April 1, 2015 By Josh Kessler

Bill Massey posted evidence on the COMPETE Coalition blog last week that suggests competitive markets have been effective in suppressing electricity prices. He presents data from the Energy Information Administration that compares prices between states with deregulated (or “restructured”) markets and those with regulated (or “vertically integrated”) markets from the start of deregulation in 1997 through the end of 2013. Massey’s data set shows that over this period retail rates in restructured states increased 3.6 percent less than inflation, while retail rates in vertically integrated states increased 8.2 percent more than inflation.

A working paper published in 2014 by the Energy Institute at Hass (part of the University of California at Berkeley), titled The Electricity Industry after 20 Years of Restructuring suggests that prices have been driven more by factors like generation technologies and the price of natural gas than by restructuring policies. The paper notes that marginal prices for gas generation typically drive prices in restructured markets. Prices nearly tripled during the first half of the 2000s, peaking in 2008, which led to far higher prices in restructured states. During this period, the value of coal assets increased. However, as gas prices have fallen since 2009 as a result of fracking technology, restructured markets have benefited.

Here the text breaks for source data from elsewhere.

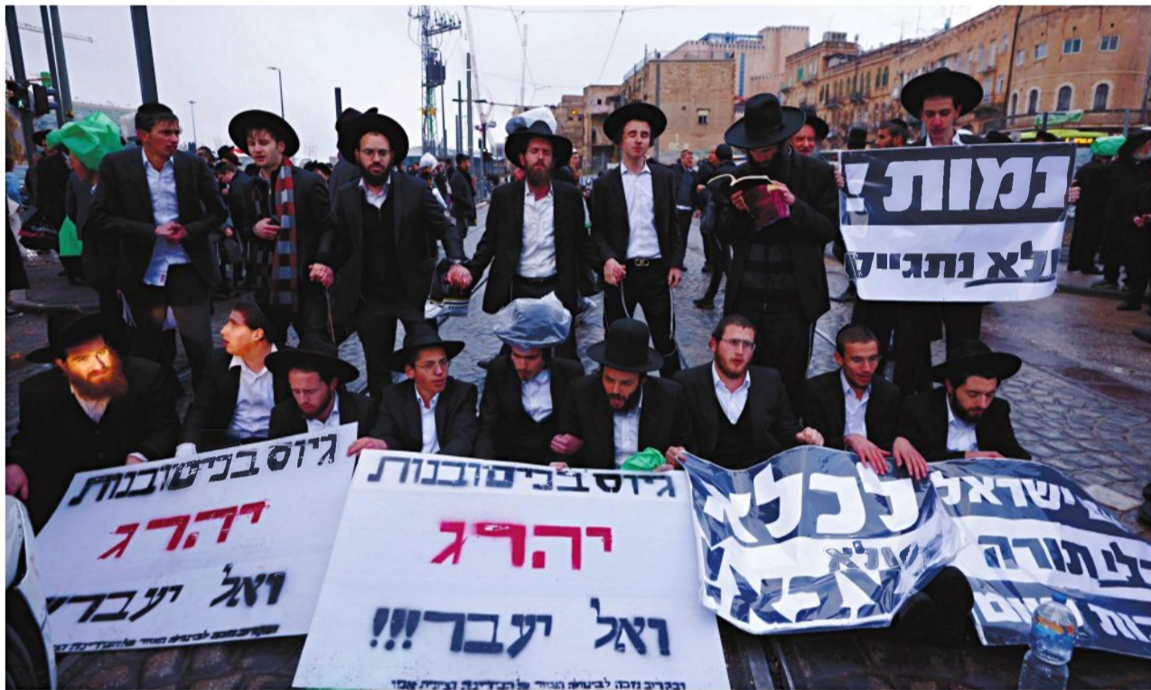
הפגנה נגד חוק הפטור, בשבוע שעבר. אפילו הסיורב להתגייס לא יעמוד כנראה בפני לחץ כלכלי מצד המדינה

זאת הצעה שנשמעת כמעט נאיבית: מה הסיכוי להכריח את החרדים להתגייס? הרבנים והפ"טריקים החרדים הרי אומרים "נמות ולא נתגייס" או "נעלה על מטוס לחו"ל ולא נתגייס". גם כמה מחוקרי החברה החרדית מעריכים כי תרבות חברת הלומדים נולדה בגלל הצבא. משמע – הגברים החרדים הולכים ללמוד ביישיבה לכל החיים לא מתוך אהבת הכולל, אלא מתוך שנאת הצבא.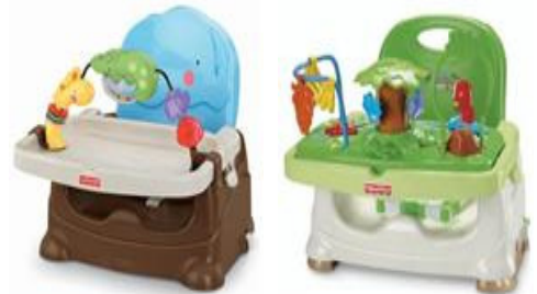
Fig. 4. Booster

현재 우리나라의 교사 대 영아의 법정 비율을 살펴보면 만 0세의 경우 교사 1명당 3명의 영아를, 만 1세의 경우 교사 1명 당 5명의 영아를 보육할 수 있도록 허용한다. 혼합반 구성원칙에 의하여 만 0,1세는 같은 반에서 보육이 가능하다. 그러나 이 때는 가장 급진적인 발달을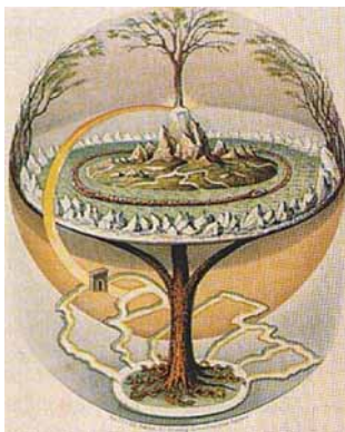
Muinaspõhja maailmapuu Yggdrasil.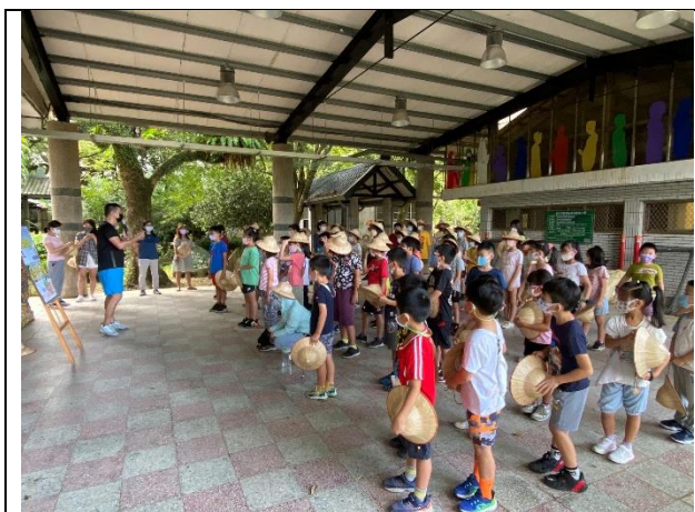
全校性防災教育宣導

Overall, deregulated markets appear to have moved more aggressively toward a gas-fired generation mix, whereas regulated markets continue to rely more heavily on coal-fired generation. As aging coal-fired plants continue to shut down to accommodate environmental regulations, states that have built more gas-fired generation appear to be well positioned to benefit from low gas prices and face fewer risks from environmental regulations. This bodes well for retail electricity buyers.